Münsingen

Knappes Ergebnis bei In- und Auslandhilfe

Die Münsinger Stimmberechtigten haben am Sonntag die vom Parlament beschlossene Revision des Reglements über die Spezialfinanzierung In- und Auslandhilfe angenommen. Die Vorlage wurde mit 2627 Ja- gegen 2437 Nein-Stimmen gutgeheissen. Die Stimmbeteiligung lag bei 62,4 Prozent.

pd / Res Reinhard, res.reinhard@bern-ost.ch

Das Resultat fiel knapp aus. 51,9 Prozent der Stimmenden unterstützten die Vorlage, 48,1 Prozent lehnten sie ab. Damit setzte sich die Version des Parlaments durch, über die in den vergangenen Monaten intensiv diskutiert worden war.

 

Mehr Möglichkeiten bei der Inlandhilfe

Mit dem Entscheid wird die Inlandhilfe ausgeweitet. Bisher konzentrierte sie sich auf die Unterstützung von Gemeinden und öffentlich-rechtlichen Körperschaften.
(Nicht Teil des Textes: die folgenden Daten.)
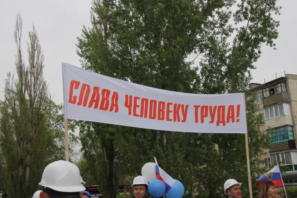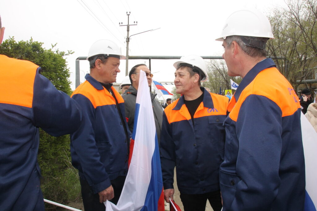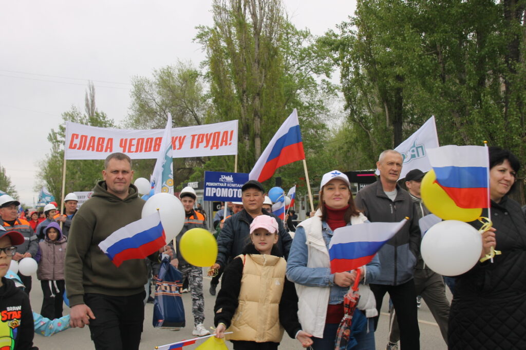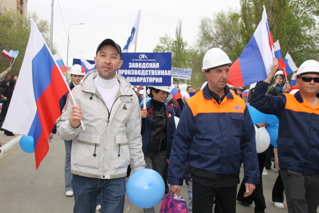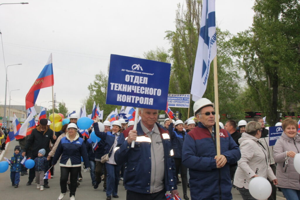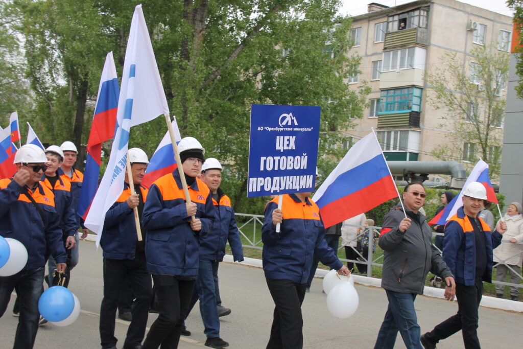 Представители комбината прошли с бело-голубыми флагами предприятия и главным лозунгом «Оренбургских минералов» 2025 года «Открывая новые горизонты». Но главные девизы Первомая остаются неизменными – «Мир во всем мире!», «Слава человеку труда!». Труд и мир – основа жизни, основа всего, что и читалось на транспарантах в руках ясненцев.

Künftig können auch Institutionen, Organisationen und Vereine Beiträge erhalten.

 

Das Parlament hatte die Änderung damit begründet, dass es heute praktisch keine finanziell bedürftigen Gemeinden mehr gebe. Deshalb brauche es neue Möglichkeiten, um Hilfsgelder im Inland sinnvoll einsetzen zu können. Genannt wurden unter anderem Hilfswerke oder Organisationen, die Menschen in Notlagen unterstützen.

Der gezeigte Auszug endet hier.